In May last year Mr Evans junior, his uncle John Riley and two other young men turned up at Kenneth Stokes' semi-deatched house in Angus Avenue, Leigh, to replace the fascias with uPVC.

In a statement Mr Riley said Mr Evans had been putting up fascias at the back of the property and was using his own ladders, which the teenager had previously bought at a car boot sale.

Mr Stokes was sunbathing in his back garden while he watched the men work.

He told the inquest how Mr Evans was up the ladder and over-reaching sideways to try to knock in a nail when the ladder slipped and the teenager fell to the ground.
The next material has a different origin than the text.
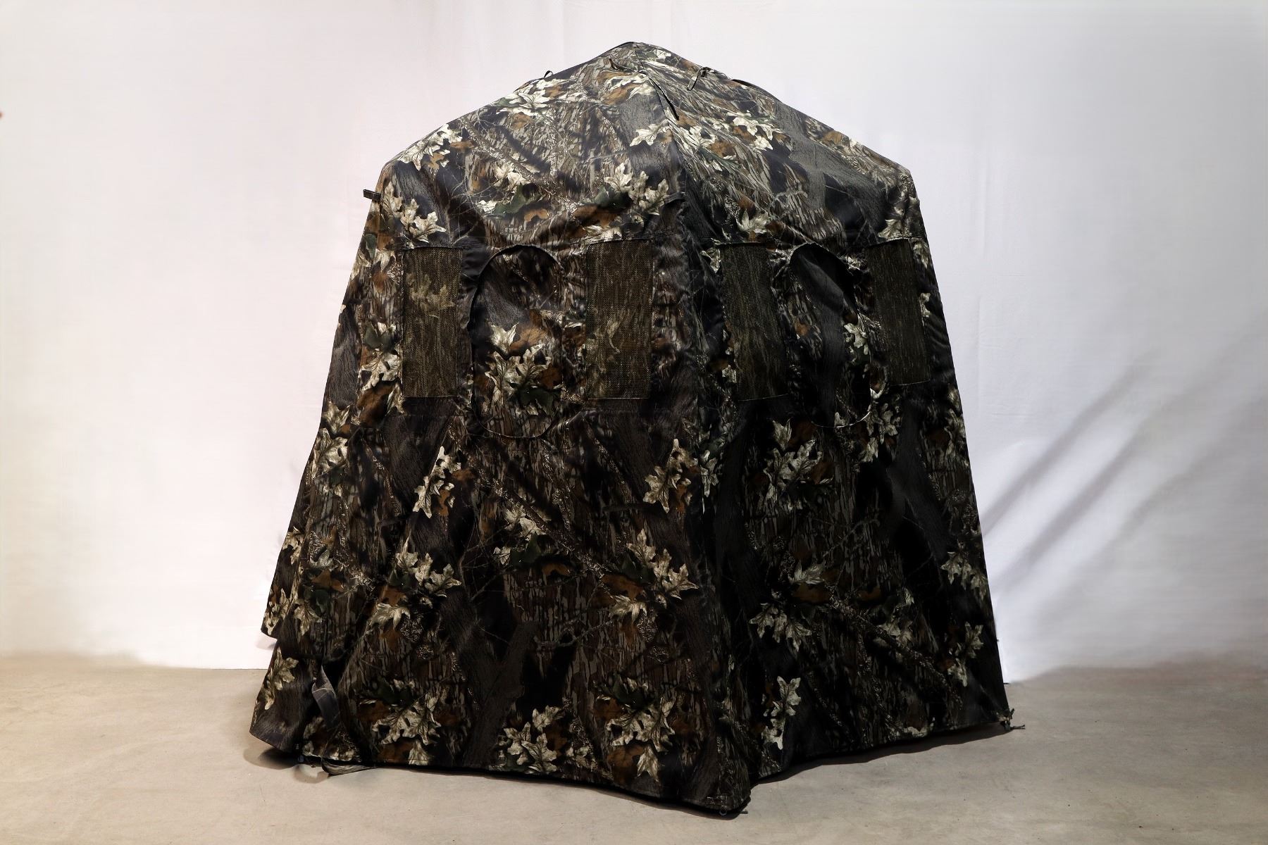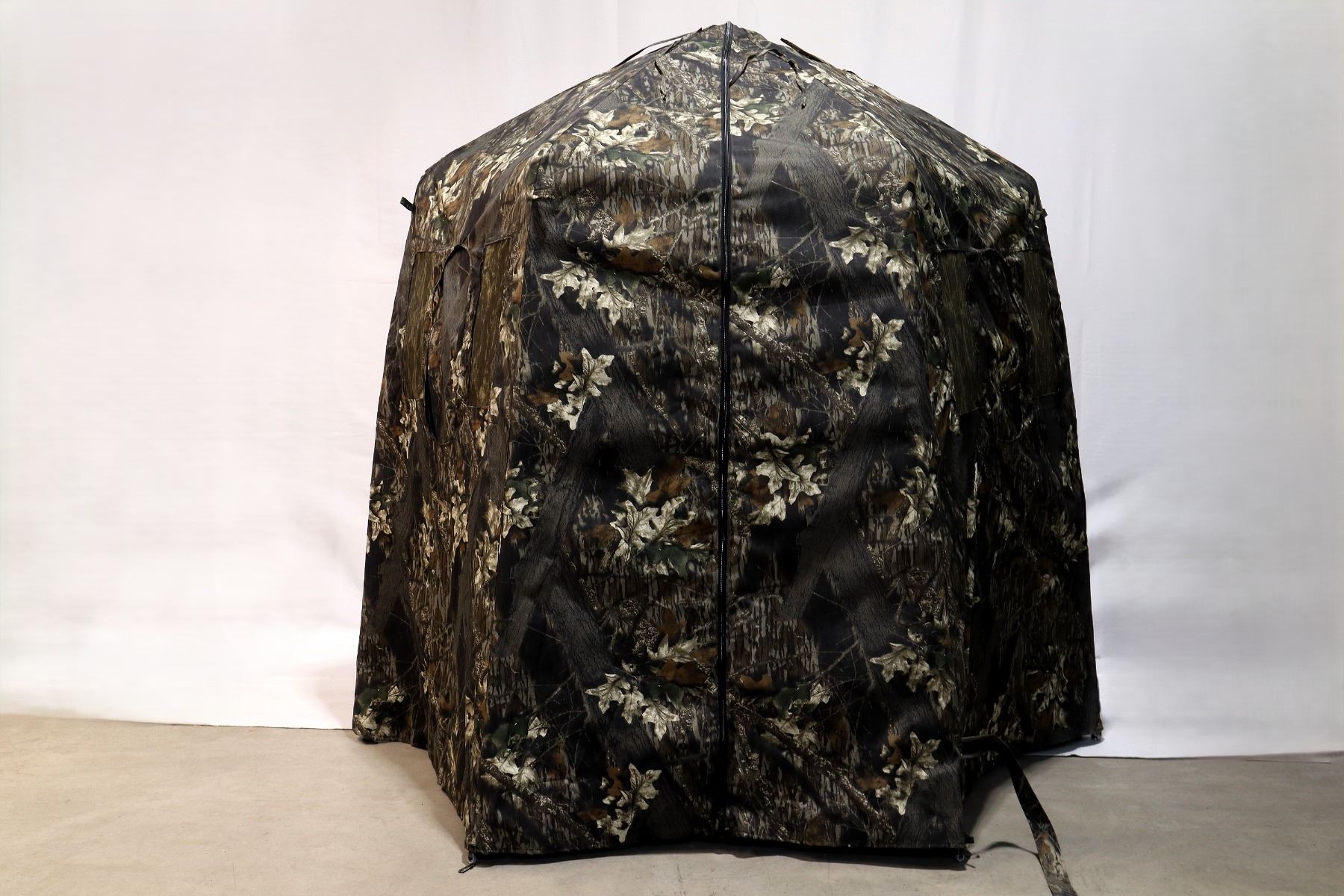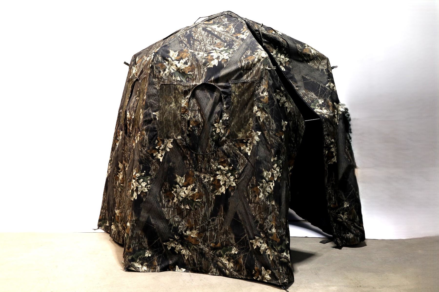 LOT INCLUDES; (1) LUCK'S HUNTING BLIND, MOSSY OAK CAMO, ZIPPERED DOOR, (5) OPEN WINDOWS WITH VELCRO COVERS, (10) SCREENED WINDOWS WITH VELCRO COVERS, ALUMINUM FRAME, (6) TENT STAKE LOOPS, (6) TIE LOOPS, APPROX. OAL 84"X84"X72", SHOWS WEAR AND TEAR FROM USAGE, SEE PHOTOS.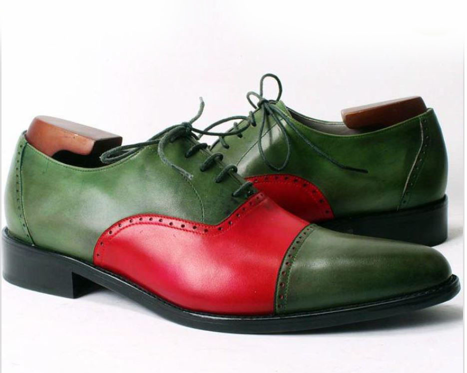 Two Tone Oxford Red Green Contrast Vintage Leather Rounded Derby Cap Toe Handcrafted Shoes

Mr Stokes phoned for an ambulance as Mr Evans lay on the ground groaning but unable to speak.

A post mortem examination revealed Mr Evans, who was living at a travellers' caravan site at Five Acre Farm, Middlewich, Cheshire, suffered several skull fractures and massive brain damage.

Health and safety inspector Ian Evans told the inquest: "The state of the ladders was key in the accident."

He added that at least one of the rungs of the metal ladder was missing and the remainder were dented. The rubber feet which should have been on the foot of the ladder were missing and no one had been holding the ladder to stabilise it while Mr Evans climbed.

A jury of five women and three men returned a verdict of accidental death.

Speaking after the inquest Mr Evans stated that the biggest cause of workplace deaths is falling from height and warned people to check the condition of their ladders before use. "This was the worst case I have ever seen," he said.

"Every single rung was damaged."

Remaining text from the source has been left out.